Québec fait aussi un pas pour mettre fin à l'équité fiscale entre les entreprises québécoises et leurs rivales internationales en ce qui concerne la taxation en ligne. Les résultats escomptés sont toutefois modestes, avec un gain attendu d'à peine 7 millions cette année et 27,5 millions l'année suivante.

Le gouvernement vient aussi soutenir les journaux dans leur transformation numérique avec une aide pouvant atteindre jusqu'à 7 millions sur cinq ans pour chaque journal ou groupe de journaux.

Électoralisme

L'utilisation de la réserve de stabilisation pour financer une portion importante des nouvelles dépenses n'a pas manqué de soulever l'indignation des partis d'opposition, qui ont rappelé l'échéance électorale du 1er octobre prochain. 

« Aujourd'hui, c'est la distribution des bonbons, le 2 octobre, ça va être le retour des coupures », a annoncé le porte-parole péquiste en matière de finances, Nicolas Marceau.

« C'est cynique, désespéré et c'est complètement irresponsable, a-t-il poursuivi. On distribue des bonbons au point de créer des déficits pour cette année et les deux prochaines. »

« Je trouve ça trop facile pour un ministre des Finances de venir se péter les bretelles quand on a saigné les missions de l'État et les contribuables pendant des années », a pour sa part déploré le porte-parole en matière de finances de la CAQ, François Bonnardel.

« C'est sûr que c'est facile quand, pendant quatre ans, tu ramasses un butin électoral, de disperser ça, six mois avant l'élection, au gré de ce que tu as enlevé », a ajouté Manon Massé, de Québec solidaire.

En chiffres

109,6 milliards - Ce sont les revenus consolidés du gouvernement pour 2018-2019, en hausse de 2,2 % par rapport à l'année précédente. Ce montant inclut les transferts fédéraux de 23,7 milliards, en hausse de 4,4 %.

108,7 milliards - Ce sont les dépenses consolidées, en hausse de 4,5 %. Elles sont composées des dépenses des programmes (99,3 milliards) ainsi que du service de la dette (9,4 milliards). 38,5 milliards - Dépenses totales en santé et services sociaux, comparativement à 18,9 milliards pour l'éducation et l'enseignement supérieur. Tous les autres portefeuilles combinés totalisent 17,9 milliards.

4,6 % - Croissance des dépenses en santé, en hausse par rapport aux augmentations de 3,2 % en 2016-2017 et 4,2 % en 2017-2018. 2,2 milliards - Coût sur une période de cinq ans de l'allégement fiscal consenti aux petites et moyennes entreprises. Les cotisations au Fonds des services de santé seront réduites, ce qui privera le gouvernement de revenus de 1,2 milliard.

1 milliard - Somme additionnelle que le gouvernement consacrera à sa Stratégie numérique, ce qui portera le financement total à 1,9 milliard. Québec prévoit notamment 65 millions sur cinq ans pour la transformation numérique de la presse écrite, sous forme de crédit d'impôt.

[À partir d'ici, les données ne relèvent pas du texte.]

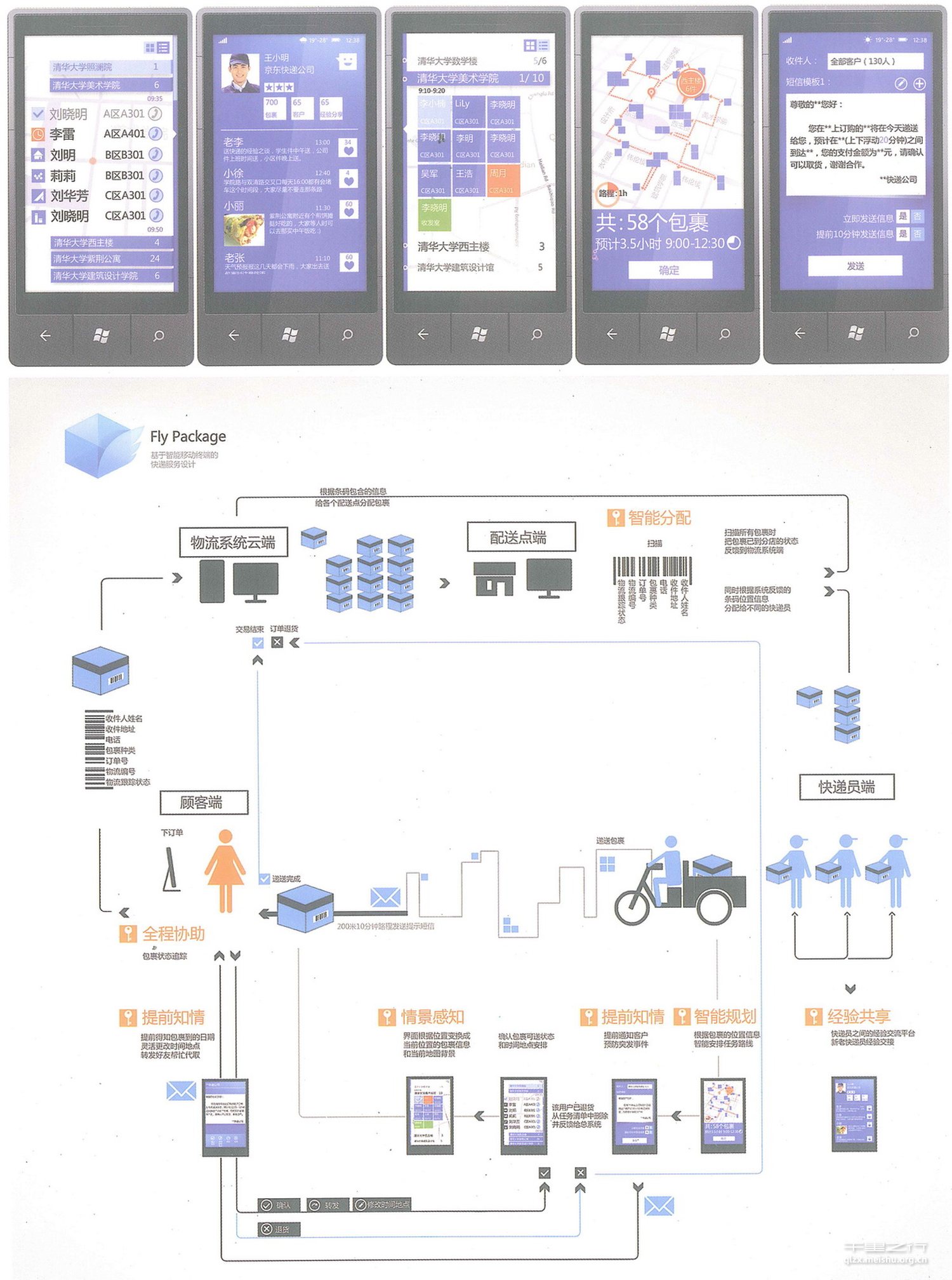 本项目以城市中的日常快递服务为设计对象,目标是结合智能移动终端,通过研究快递服务参与者和快递服务流程的特点,发现现代快递中存在的问题,最终设计完成了新的服务设计流程和基于情境的交互设计解决方案,并以智能移动终端界面为载体来呈现整个设计创意和理念。

904 millions - Surplus budgétaire prévu, en baisse par rapport à l'excédent de 3,1 milliards en 2017-2018. Québec entend puiser près de 1,6 milliard dans sa réserve de stabilisation, ce qui lui permettra de verser près de 2,5 milliards au Fonds des générations.

800 millions - L'enveloppe consentie au ministère de la Culture et des Communications, ce qui représente un bond de 11 %. Selon le gouvernement, il s'agit de la plus forte progression des dépenses pour ce ministère en près de 20 ans.

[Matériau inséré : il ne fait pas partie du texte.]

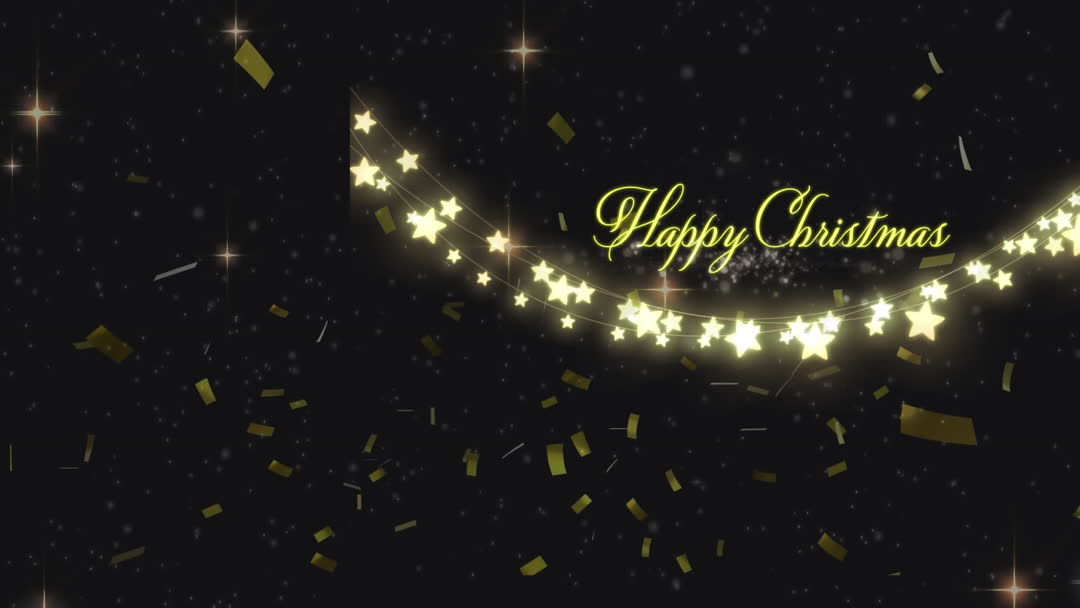 Charming animation with a festive Christmas message features glowing stars and golden confetti on black background, creating a celebratory and joyful atmosphere. Perfect for use in holiday cards, digital promotions, social media content, or festive video greetings to enhance holiday spirit and decorations.

800 millions (bis) - Somme que le gouvernement entend consacrer d'ici 2022-2023 à une Stratégie nationale de la main-d'oeuvre.

500 millions - Montant qui sera consacré d'ici 2022-2023 pour la modernisation du système de justice. Le gouvernement dit vouloir faciliter l'accès pour les citoyens en réduisant les coûts et simplifiant les processus.

10 millions - Somme annuelle que le gouvernement entend verser aux municipalités pour les aider à faire face aux coûts de la légalisation du cannabis. Ce montant sera puisé à même le Fonds des revenus provenant de la vente du cannabis. Les modalités de distribution seront déterminées lors de négociations à venir avec les municipalités.